Name: Farhan A. Alenizi

Date: May 26, 2017

Time: 10:00 AM

Location: Engineering Hall 3206

Committee: Professor Fadi Kurdahi (Chair), Professor Ahmed Eltawil and Professor Rainer Doemer


Establishing robust and blind data hiding techniques in multimedia is very important for authentication, ownership protection and security. The multimedia being used may include images, videos and 3D mesh objects. A hybrid pyramid Discrete-Wavelet-Transform (DWT) Singular-Value-Decomposition (SVD) data hiding scheme for video authentication and ownership protection is proposed. The data being hidden will be in the shape of a main  color logo image watermark and another secondary Black and White (B&W) logo image.   The color watermark will be decomposed to Bit-Slices.   A pyramid transform is performed on the Y-frames of a video stream resulting in error images;  then, a Discrete Wavelet Transform (DWT) process is implemented using orthonormal filter banks on these  error images, and the Bit-Slices watermarks are inserted in one or more of the resulting subbands in a way that is fully controlled by the owner; then, the watermarked video is reconstructed. SVD will be performed on the color watermark Bit-Slices. A secondary B&W watermark will be inserted in the main color watermark using another SVD process.     The reconstruction was perfect without attacks, while the average Bit-Error-Rates (BER’s) achieved under attacks are in the limits of  2% for the color watermark and 5% for the secondary watermark; meanwhile,  the mean Peak Signal-to-Noise Ratio (PSNR) is 57 dB. Furthermore, a selective denoising filter to eliminate the noise in video frames is proposed; and the performance with data hiding is evaluated.

Moreover, a 3D mesh blind  optimized watermarking   technique is proposed in this research.

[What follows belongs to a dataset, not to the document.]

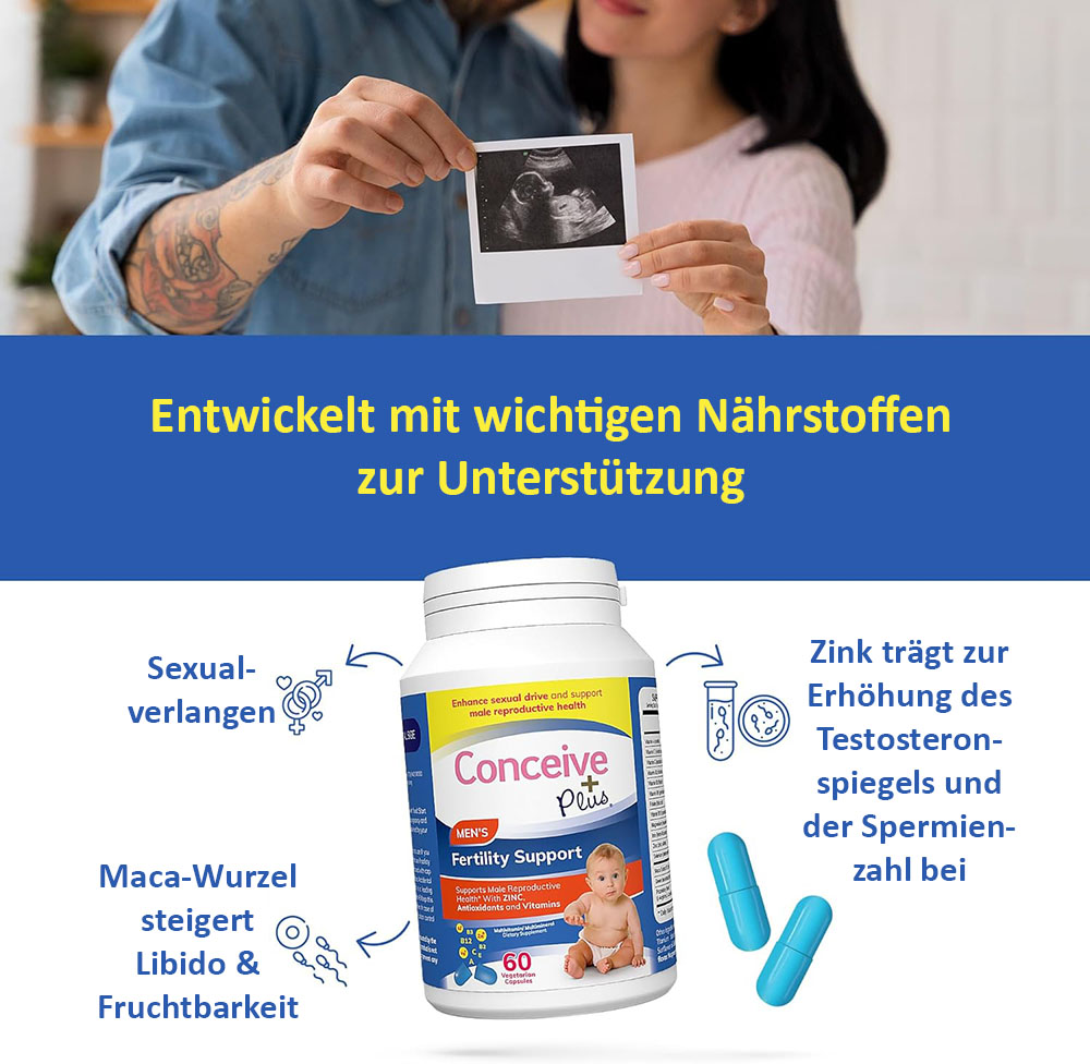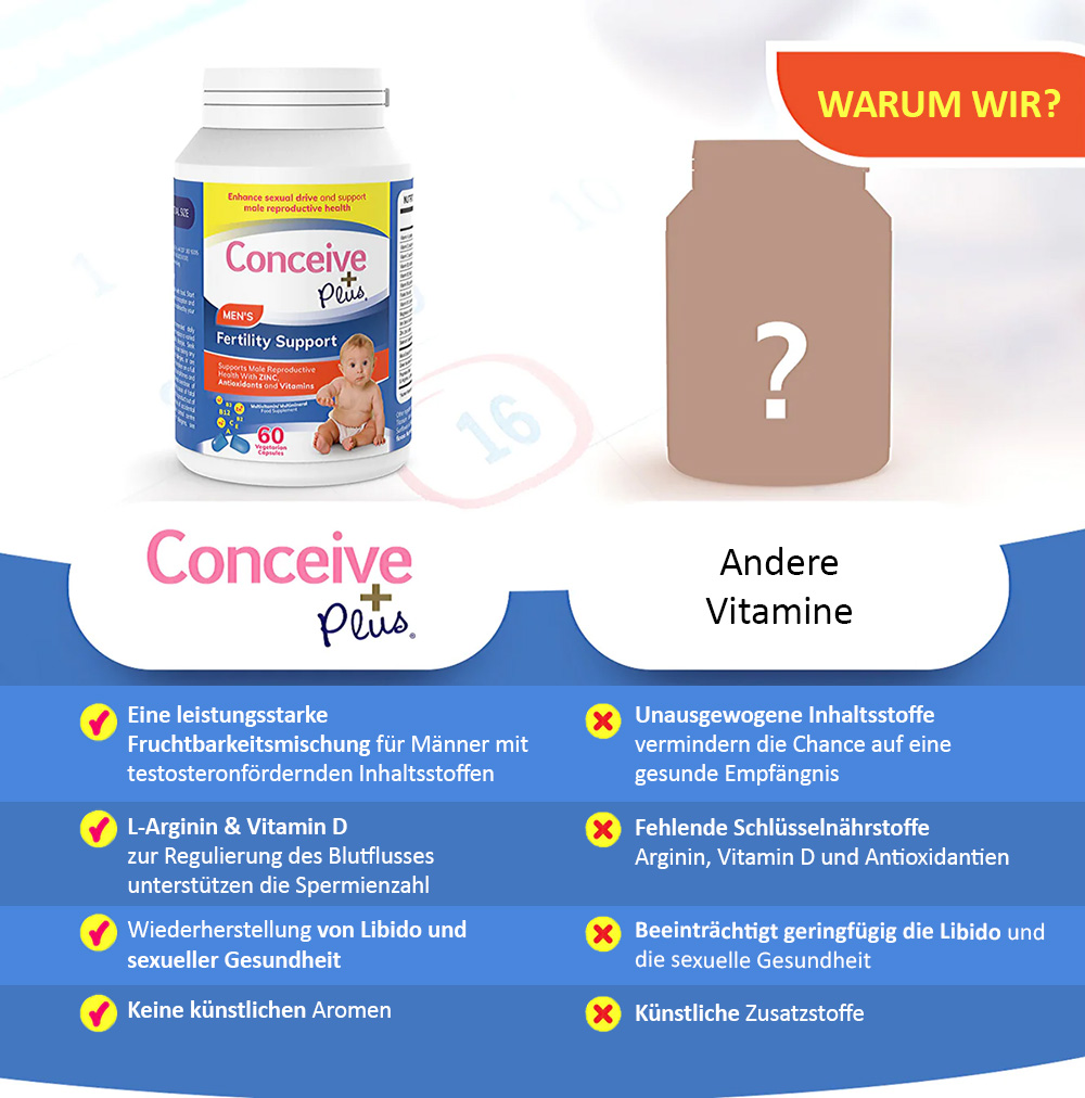 CONCEIVE PLUS® Men’s Fertility Support ist wissenschaftlich formuliert und bietet eine vollständige Kombination aus Antioxidantien, Vitaminen und Mineralien, um die natürliche Fruchtbarkeit zu fördern, das Volumen und die Qualität der Spermienproduktion zu steigern und so die Chancen auf eine Schwangerschaft auf natürliche Weise zu erhöhen – nur für Männer!

The technique relies on  the displacement process of  the vertices locations depending on the modification of the  variances of the vertices’s norms. Statistical analysis were performed to establish the proper distributions that best fit each mesh, and hence establishing the bins sizes.   Experimental results showed that the approach is robust in terms of both the perceptual  and the quantitative  qualities.

In conclusion,  the degree of robustness and security  of the  proposed techniques are shown. Also the schemes that can be adopted to further enhance the performance,  and the future work that can be done in the field are introduced.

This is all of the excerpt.